Linda then wrote: “This what Austen writes:
"Miss Ward, after half a dozen years,  found "herself obliged to be attached to the Rev. Mr. Norris, a friend of her brother-in-law, with scarcely any private fortune, and Miss Frances fared yet worse. Miss Ward's match, indeed, when it came to the point, was not contemptible: Sir Thomas being happily able to give his friend an income in the living of Mansfield ..."
At the AGM, Peter Sabor said there were about 70 changes between 1st edition MP and 2nd edition MP.  Do you know which edition this text is from, and if it differs in the other?”

Diane Reynolds then responded: “The Cambridge edition is based on the second edition of 1816 but shows all the variants with the 1814 text. The text I quoted, according to Cambridge, is the same in both editions: " "herself obliged to be attached to the Rev. Mr. Norris, a friend of her brother-in-law, with scarcely any private fortune, and Miss Frances fared yet worse. Miss Ward's match, indeed, when it came to the point, was not contemptible: Sir Thomas being happily able to give his friend an income in the living of Mansfield ..." JA changed nothing there.
…Of course, the only way to truly sure there were no changes would be to look at the first and second editions myself, but I have neither the capacity to do so nor the inclination to distrust the Cambridge editors. Linda, just out of curiosity, did you have a reason to believe there was a substantive change in the history of Mrs. Norris between the two editions? It would be interesting if Austen had thought to change that backstory. If there is concern about these issues, we can keep checking quotes against the Cambridge.”

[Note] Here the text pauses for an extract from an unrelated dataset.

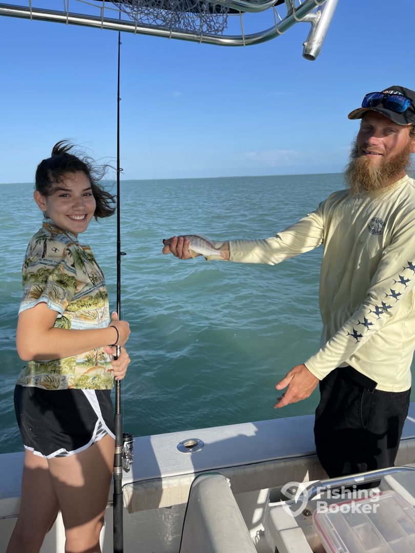 I wanted to take a half day fishing trip with my three teenage kids.ย Captain Dave did a great job making the most of the day in spite of it being the day after tropical storm Elsa.ย Conditions were great and we caught fish at every stop. We even got a chance to chase a few dolphins as a bonus.ย We took our fish to Danteโs and had a delicious lunch afterward.

And here is my response to both of these excellent posts:
 
I also attended that breakout session given by Peter Sabor (who, in addition to giving a very strong presentation, also has an orator’s voice and strong English accent tailor-made for Masterpiece Theatre), and found it very interesting—What I like about Linda’s textual history question is that I have taken that very same strategy of checking changes between different published versions of some of Shakespeare’s plays, and I found it very fruitful in some cases in elucidating aspects of Shakespeare’s shadow stories.
Plus, as my friend Jim Heldman was the first to point out 20 years ago, the cancelled chapters of Persuasion  provide a giant window into the shadow story of that novel, because you clearly see therein the Crofts playing clumsy matchmakers for  Anne and Wentworth, which then spurs the reader to spot the hidden clues of similar import scattered throughout several of the EARLIER chapters of Persuasion.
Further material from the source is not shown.